Work instructions
Word for word, write out all the entries below, omitting every picture.
==============================
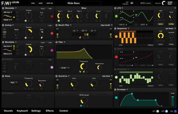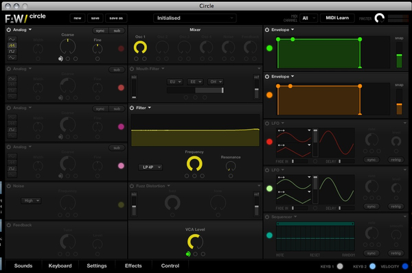 For this tutorial I have chosen to use a synth called Circle to demonstrate the initial creation of the effects patch. Unfortunately it’s not free but when I was searching for the right instrument to use, it ticked all the right boxes. It is available as VST, AU and a standalone application, and it’s also Windows and OS X compatible. It runs for 20 minutes in demo mode, so there should be plenty of time to try and recreate the patches. You can download the demo here.
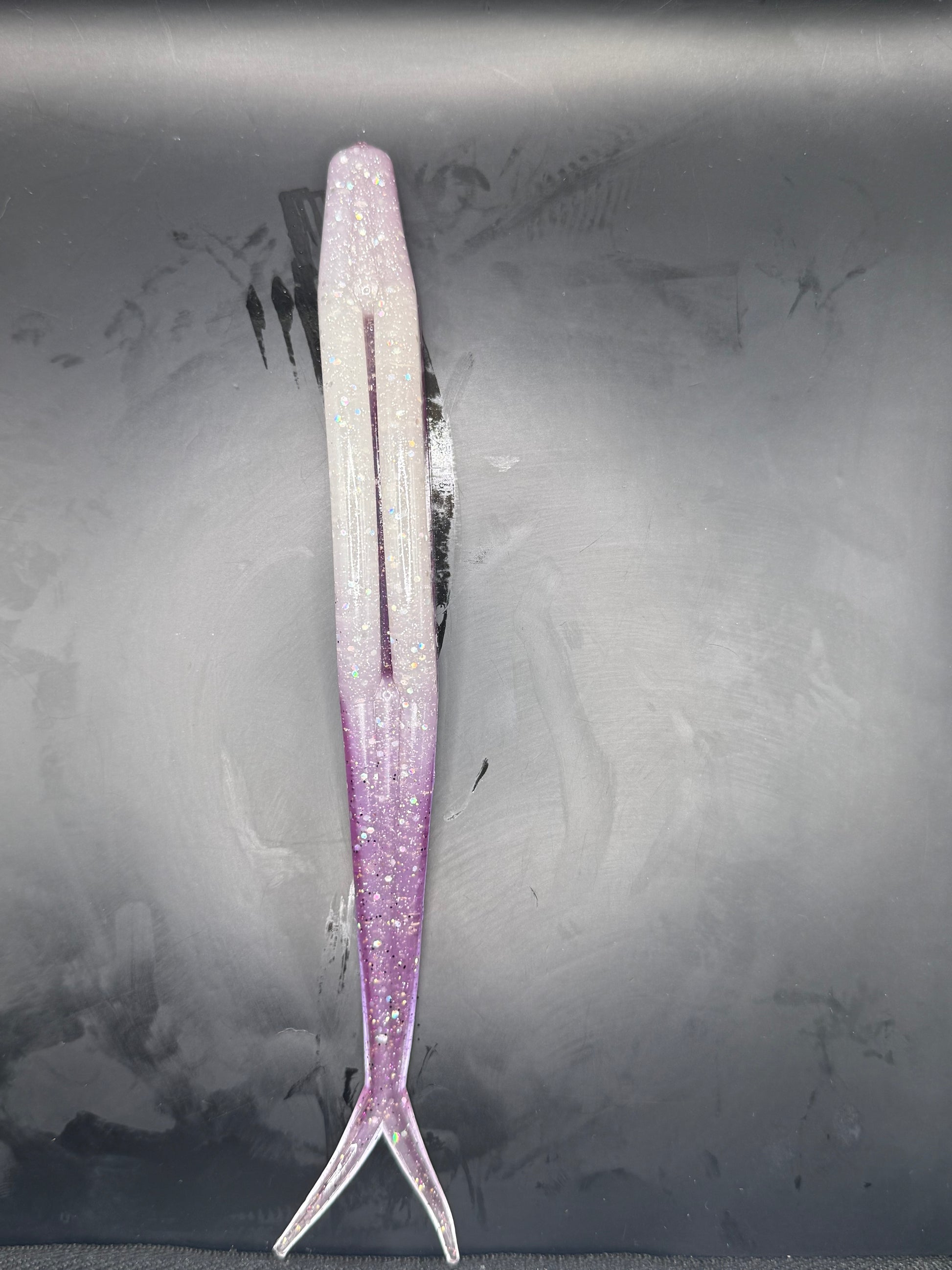 Similar to our Squid color, our Pearl Squid uses the same type of Flakes but with the added, whitish/Pearl undertone. Great choice to have in the arsenal for catching large white sea bass, halibut, stripped bass, and Yellowtail. These Baits are 8" long and very Bulky. You will need a Big HOOK!
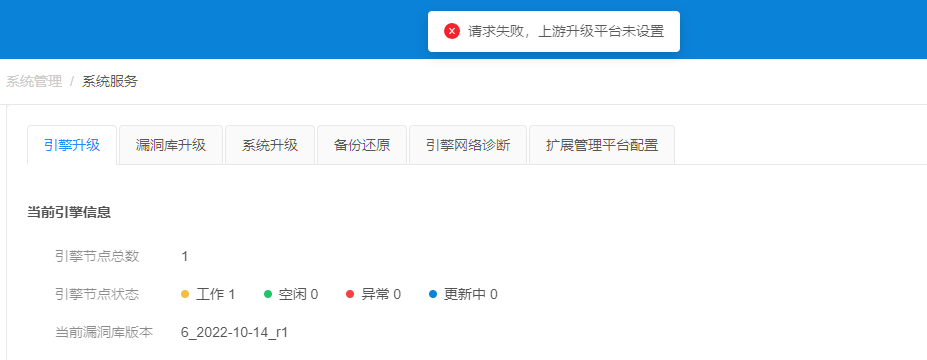 若产品出现“请求失败,上游升级平台未设置”,则需要在洞鉴后台进行相关配置
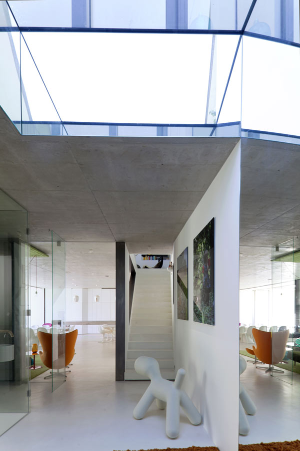 Das Erdgeschoss blieb eine offene Fläche, auf welcher lediglich die durchgehende Glasfassade einen Kalt und einen Warmbereich definiert. Die auskragende Sichtbetondecke spielt harmonisch mit der Betonoberfläche der Gartenterrasse und bietet lebhaften Wasserspiegelungen Kontrast.
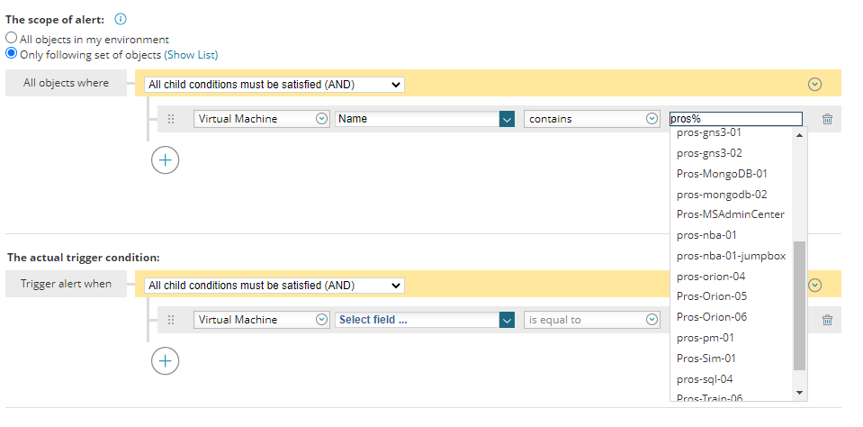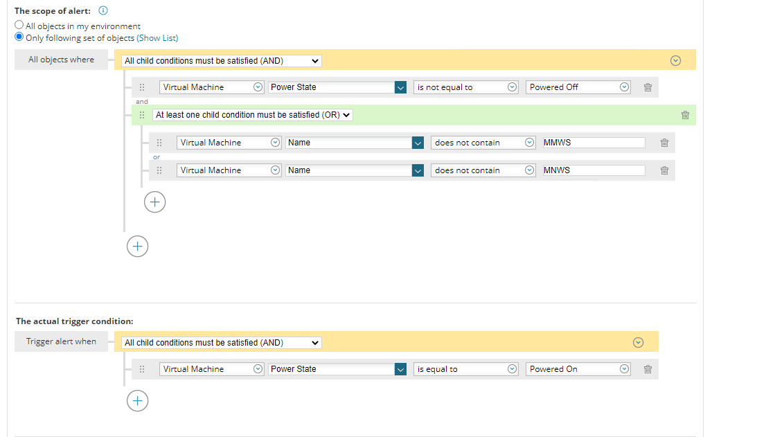 I have an alert set to send an email when a VM storage utilization is at 99%. I want to exclude some VMs from this alert but can't seem to figure it out. I want to exclude VMs that start with MMWS and MNWS. I tried using the "does not start with" and "does not contain" but I still get alerts for VMs that start with MMWS and MNWS.
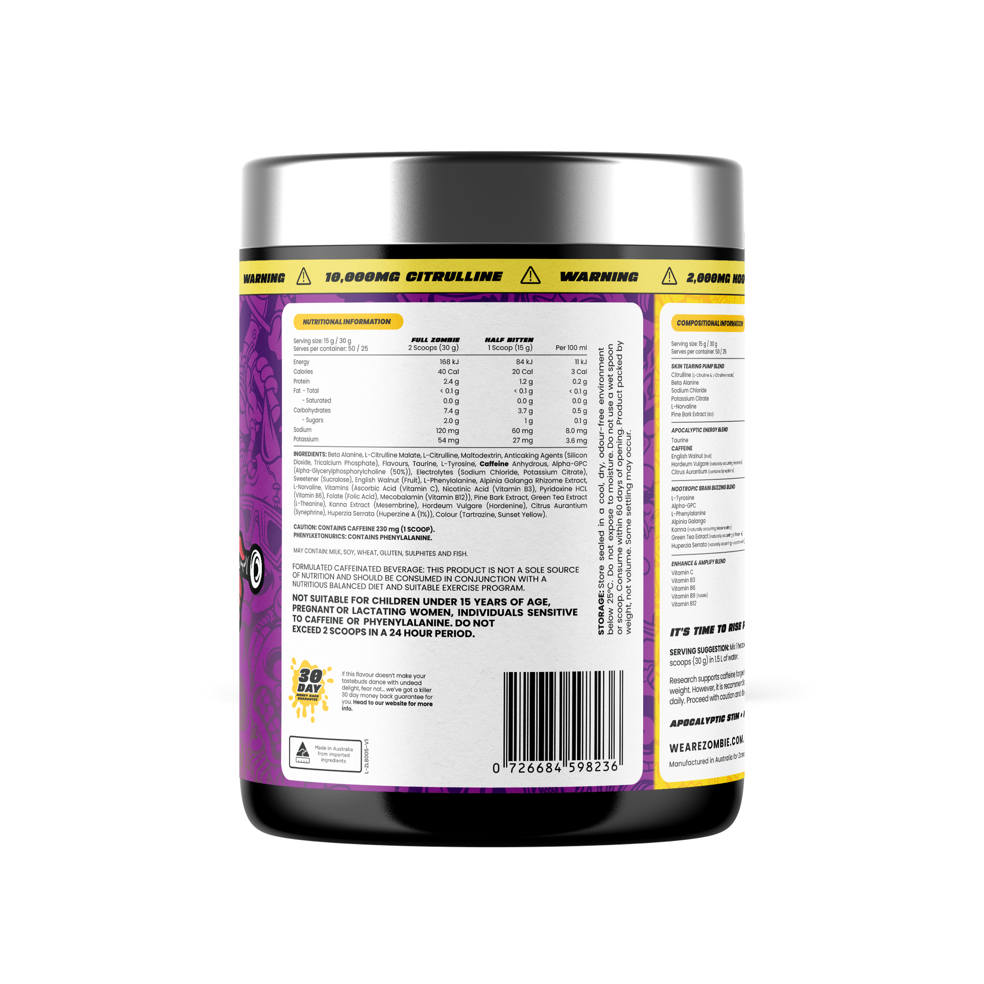 This is 750g (50 Serves) Toxic Tropic Flavour Zombie Labs End Of Dayz Apocalyptic Pre Workout. This advanced high stimulant formula is built for experienced lifters who want extreme intensity, maximum endurance and powerful muscle activation during heavy strength or high volume sessions.
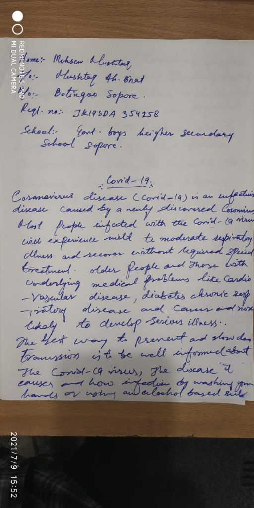 Sajid shabir JK20SDA/354190 Boys higher secondary Sopore
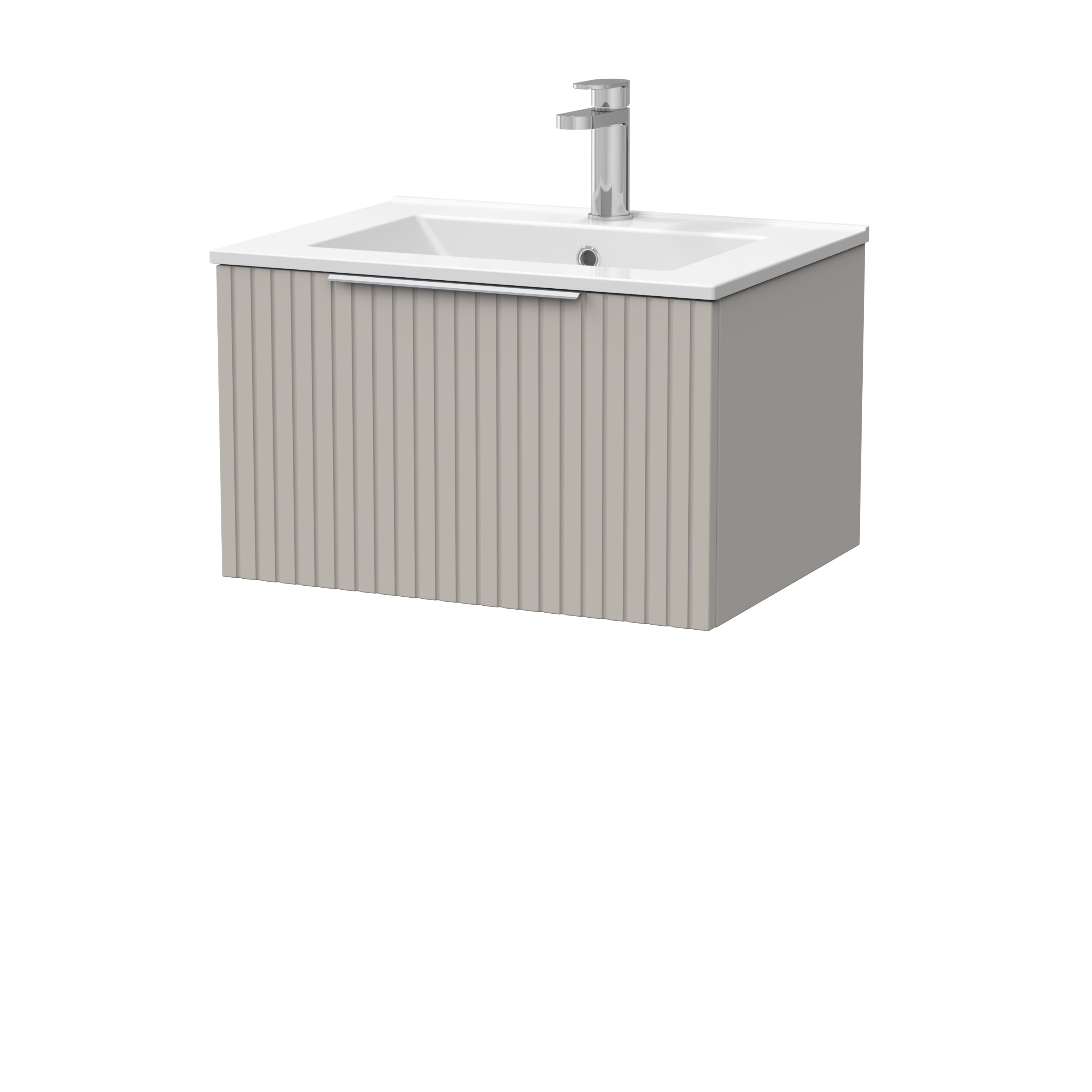nuie Lux Flume 600mm Single Drawer Wall Hung Unit with 1 Tap Hole Minimalist Basin Top - Pebble Grey
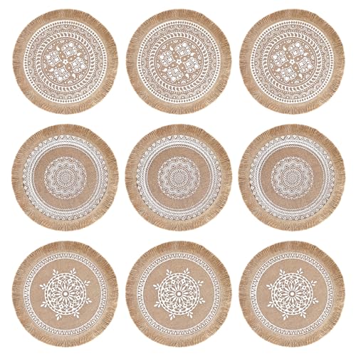 Vegena Runda bordstabletter, set om 9 bordstabletter, runda, vävda bordstabletter, bordstabletter runda värmebeständiga bord bordstabletter tvättbara tallriksunderlägg för kök matsal bröllop bord
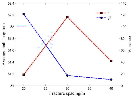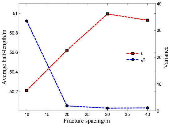 Moreover, the average half-length and variance for different spacings is shown in Figure 12. The average half-length with fracture spacing 30 m is slightly larger than that with fracture spacing 40 m. The reason is that larger frictional pressure drop is produced in the wellbore when using larger fracture spacing. However, as the fracture spacing increases, the variance of fracture half-length decreases.
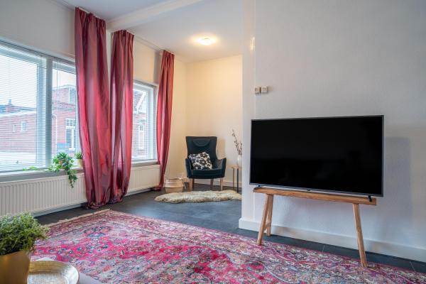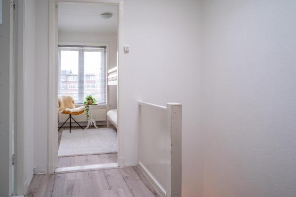 In deze leuke bovenwoning uit de jaren ’30 komen authentieke details en een eigentijdse woonbeleving moeiteloos samen. Op de eerste verdieping vindt u een lichte L-vormige living met hoog plafond en open keuken met toegang tot het dakterras. De tweede verdieping biedt drie slaapkamers, waarvan twee royaal bemeten, en een nette badkamer. Vanuit de keuken/bijkeuken stapt u zo het ruime dakterras van circa 22 m² op. Dé plek om in alle rust van buiten te genieten. Op de begane grond vindt u een indrukwekkende inpandige garage van maar liefst ca. 90 m². Deze ruimte leent zich perfect voor een grote hobby, atelier of werkruimte aan huis, maar biedt ook voldoende plaats voor het parkeren van circa vier auto’s.
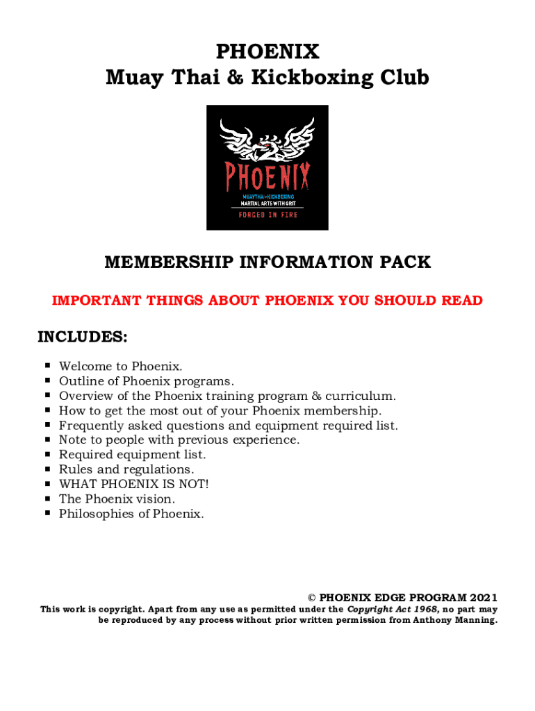 PHOENIX Muay Thai & Kickboxing ClubMEMBERSHIP INFORMATION PACK IMPORTANT THINGS ABOUT PHOENIX YOU SHOULD READINCLUDES: Welcome to Phoenix. Outline of Phoenix programs. Overview of the Phoenix training
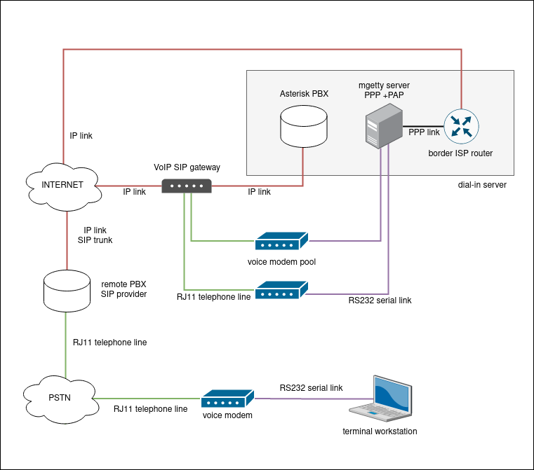 In the first case, the SIP server is located at the remote operator/provider’s network with the corresponding remote PBX. A client (and client’s modem) uses PSTN and POTS socket to dial the dial-in server’s modem.
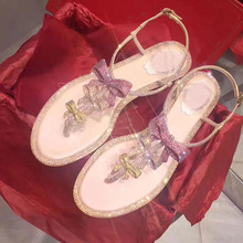 欧美2017夏季新款夹脚凉鞋蝴蝶结水钻平底性感晏会一字带女鞋
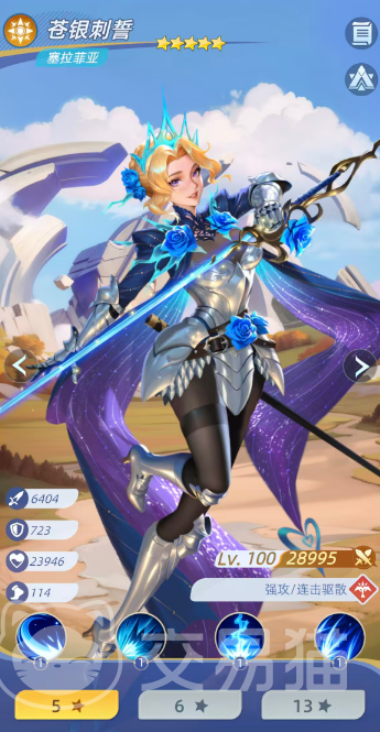 塞拉菲亚:核心机制为精准打击与高生存韧性。开场即对敌方全体施放100%物理伤害,该伤害无视护盾;每回合开始时,对其正前方单位发动单体攻击,若目标空缺,则锁定敌方攻击力最高者施加“曙痕”状态——使目标治疗效果降低50%,且所有负面状态不可清除。其四段连击可集中攻击生命值最低的敌人,总伤达298%物理伤害,全程无视灵魂链接分摊,并额外附加30%真实伤害。自身获得攻击+25%、生命+20%、伤害+10%增益;当受到致命伤害时,立即清除敌方全体增益,并以50%最大生命值复活,进入“蔷魄涅槃”状态,获得可格挡2次伤害的护盾。
==============================
Output of the exercise
 For this tutorial I have chosen to use a synth called Circle to demonstrate the initial creation of the effects patch. Unfortunately it’s not free but when I was searching for the right instrument to use, it ticked all the right boxes. It is available as VST, AU and a standalone application, and it’s also Windows and OS X compatible. It runs for 20 minutes in demo mode, so there should be plenty of time to try and recreate the patches. You can download the demo here.
 Similar to our Squid color, our Pearl Squid uses the same type of Flakes but with the added, whitish/Pearl undertone. Great choice to have in the arsenal for catching large white sea bass, halibut, stripped bass, and Yellowtail. These Baits are 8" long and very Bulky. You will need a Big HOOK!
 若产品出现“请求失败,上游升级平台未设置”,则需要在洞鉴后台进行相关配置
 Das Erdgeschoss blieb eine offene Fläche, auf welcher lediglich die durchgehende Glasfassade einen Kalt und einen Warmbereich definiert. Die auskragende Sichtbetondecke spielt harmonisch mit der Betonoberfläche der Gartenterrasse und bietet lebhaften Wasserspiegelungen Kontrast.
 I have an alert set to send an email when a VM storage utilization is at 99%. I want to exclude some VMs from this alert but can't seem to figure it out. I want to exclude VMs that start with MMWS and MNWS. I tried using the "does not start with" and "does not contain" but I still get alerts for VMs that start with MMWS and MNWS.
 This is 750g (50 Serves) Toxic Tropic Flavour Zombie Labs End Of Dayz Apocalyptic Pre Workout. This advanced high stimulant formula is built for experienced lifters who want extreme intensity, maximum endurance and powerful muscle activation during heavy strength or high volume sessions.
 Sajid shabir JK20SDA/354190 Boys higher secondary Sopore
nuie Lux Flume 600mm Single Drawer Wall Hung Unit with 1 Tap Hole Minimalist Basin Top - Pebble Grey
 Vegena Runda bordstabletter, set om 9 bordstabletter, runda, vävda bordstabletter, bordstabletter runda värmebeständiga bord bordstabletter tvättbara tallriksunderlägg för kök matsal bröllop bord
 Moreover, the average half-length and variance for different spacings is shown in Figure 12. The average half-length with fracture spacing 30 m is slightly larger than that with fracture spacing 40 m. The reason is that larger frictional pressure drop is produced in the wellbore when using larger fracture spacing. However, as the fracture spacing increases, the variance of fracture half-length decreases.
 In deze leuke bovenwoning uit de jaren ’30 komen authentieke details en een eigentijdse woonbeleving moeiteloos samen. Op de eerste verdieping vindt u een lichte L-vormige living met hoog plafond en open keuken met toegang tot het dakterras. De tweede verdieping biedt drie slaapkamers, waarvan twee royaal bemeten, en een nette badkamer. Vanuit de keuken/bijkeuken stapt u zo het ruime dakterras van circa 22 m² op. Dé plek om in alle rust van buiten te genieten. Op de begane grond vindt u een indrukwekkende inpandige garage van maar liefst ca. 90 m². Deze ruimte leent zich perfect voor een grote hobby, atelier of werkruimte aan huis, maar biedt ook voldoende plaats voor het parkeren van circa vier auto’s.
 PHOENIX Muay Thai & Kickboxing ClubMEMBERSHIP INFORMATION PACK IMPORTANT THINGS ABOUT PHOENIX YOU SHOULD READINCLUDES: Welcome to Phoenix. Outline of Phoenix programs. Overview of the Phoenix training
 In the first case, the SIP server is located at the remote operator/provider’s network with the corresponding remote PBX. A client (and client’s modem) uses PSTN and POTS socket to dial the dial-in server’s modem.
 欧美2017夏季新款夹脚凉鞋蝴蝶结水钻平底性感晏会一字带女鞋
 塞拉菲亚:核心机制为精准打击与高生存韧性。开场即对敌方全体施放100%物理伤害,该伤害无视护盾;每回合开始时,对其正前方单位发动单体攻击,若目标空缺,则锁定敌方攻击力最高者施加“曙痕”状态——使目标治疗效果降低50%,且所有负面状态不可清除。其四段连击可集中攻击生命值最低的敌人,总伤达298%物理伤害,全程无视灵魂链接分摊,并额外附加30%真实伤害。自身获得攻击+25%、生命+20%、伤害+10%增益;当受到致命伤害时,立即清除敌方全体增益,并以50%最大生命值复活,进入“蔷魄涅槃”状态,获得可格挡2次伤害的护盾。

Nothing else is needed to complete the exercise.